▶ **Activity**:
Reproduce word for word the lines between the one containing "Tonsur sieht mMn" and the end of the entries below, both inclusive; leave out pictures.
++++++
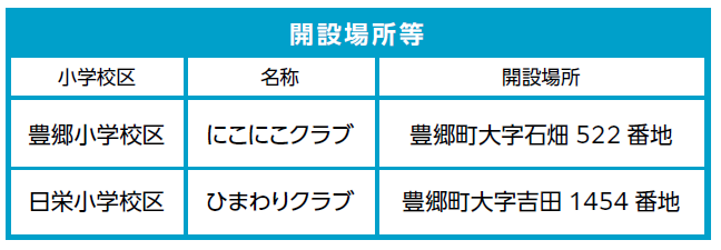 申請書等配布・受付場所:教育委員会事務局(役場2階)、にこにこクラブ、ひまわりクラブ
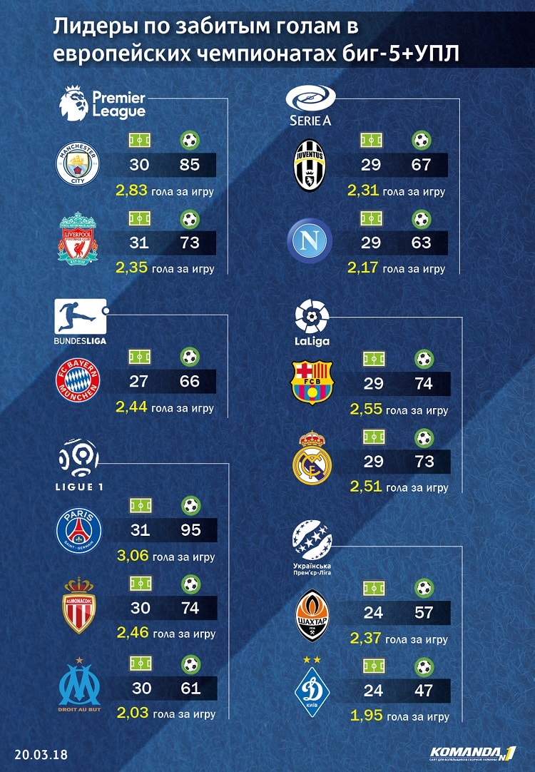 Лидеры по забитым мячам в топ-5 европейских чемпионатах и Премьер-лига: "Динамо" чуть-чуть не дотягивает до "Марселя"
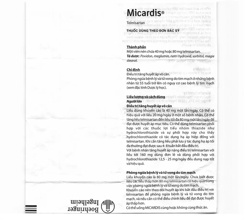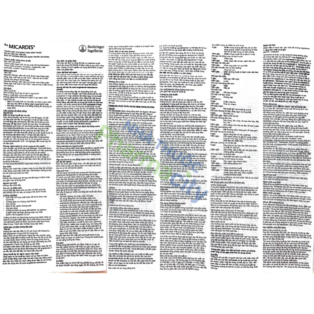 Viên nén Micardis 40mg được sản xuất bởiBoehringer Ingelheim Pharma GmbH Co. KG, với thành phần chính Telmisartan, là thuốc dùng để điều trị tăng huyết áp vô căn ở người lớn và phòng ngừa biến chứng tim mạch trong một số trường hợp.
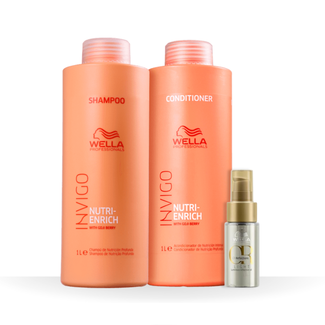 Wella Nutri-Enrich Shampoo 1000ml + Condicionador 1000ml + Óleo Light 30ml
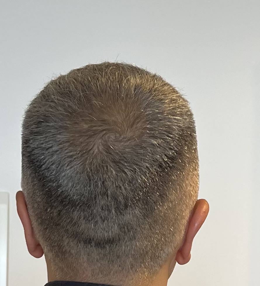 Tonsur sieht mMn etwas dichter aus als zu Behandlungsbeginn, wobei es auch an der Belichtung liegen kann.
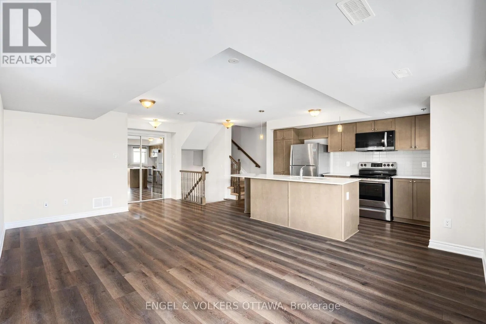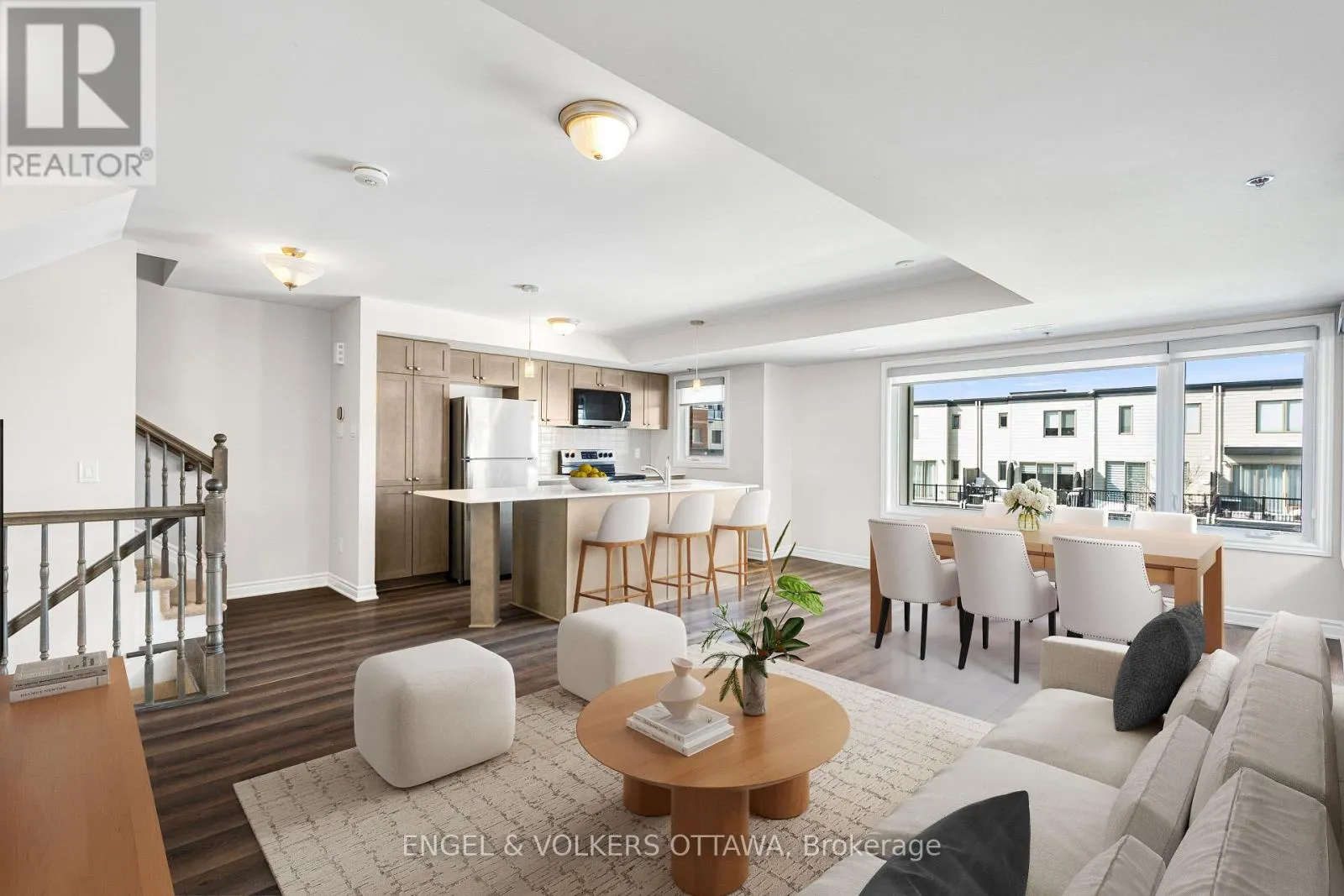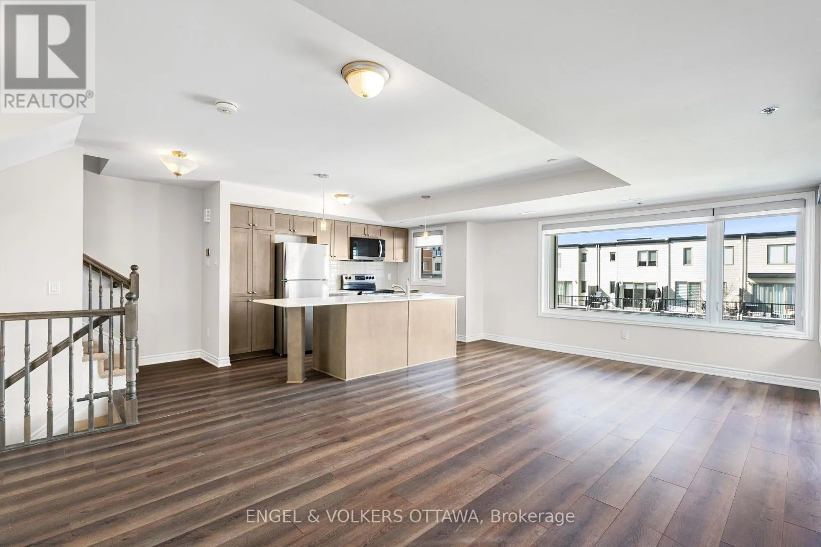 Cross Streets: Montréal Rd. & Aviation Pkwy. ** Directions: From Montréal Rd. North on Codd's Rd. Turn right onto Mikinak Rd. Left Moses Tennisco St. Right onto Miskwa Pvt. Left onto Ozawa Pvt. Welcome to Wateridge Village - where contemporary design meets a vibrant and growing community. This Mattamy Haydon model end-unit townhome distinguishes itself with a thoughtfully designed layout, enhanced privacy, and an abundance of natural light throughout.The heart of the home unfolds on the second level, where an open-concept living space is both functional and inviting. Expansive, sun-filled windows create a bright and airy atmosphere, while the seamless flow between the kitchen, dining, and living areas makes everyday living and entertaining effortless. The kitchen is anchored by a generous centre island with seating-perfect for casual meals, morning coffee, or gathering with guests-along with the added convenience of a powder room on this level. Upstairs, two well-proportioned bedrooms offer comfort and privacy. The primary bedroom benefits from a cheater ensuite to the sleek, modern full bath, and the inclusion of upper-level laundry adds to the home's practical, well-considered design. A true highlight is the private rooftop terrace-an exceptional outdoor retreat perfect for morning coffee, evening unwinding, or hosting friends under the summer sky. (id:27476)
++++++
▶ **Reply to the exercise**:
 Tonsur sieht mMn etwas dichter aus als zu Behandlungsbeginn, wobei es auch an der Belichtung liegen kann.
 Cross Streets: Montréal Rd. & Aviation Pkwy. ** Directions: From Montréal Rd. North on Codd's Rd. Turn right onto Mikinak Rd. Left Moses Tennisco St. Right onto Miskwa Pvt. Left onto Ozawa Pvt. Welcome to Wateridge Village - where contemporary design meets a vibrant and growing community. This Mattamy Haydon model end-unit townhome distinguishes itself with a thoughtfully designed layout, enhanced privacy, and an abundance of natural light throughout.The heart of the home unfolds on the second level, where an open-concept living space is both functional and inviting. Expansive, sun-filled windows create a bright and airy atmosphere, while the seamless flow between the kitchen, dining, and living areas makes everyday living and entertaining effortless. The kitchen is anchored by a generous centre island with seating-perfect for casual meals, morning coffee, or gathering with guests-along with the added convenience of a powder room on this level. Upstairs, two well-proportioned bedrooms offer comfort and privacy. The primary bedroom benefits from a cheater ensuite to the sleek, modern full bath, and the inclusion of upper-level laundry adds to the home's practical, well-considered design. A true highlight is the private rooftop terrace-an exceptional outdoor retreat perfect for morning coffee, evening unwinding, or hosting friends under the summer sky. (id:27476)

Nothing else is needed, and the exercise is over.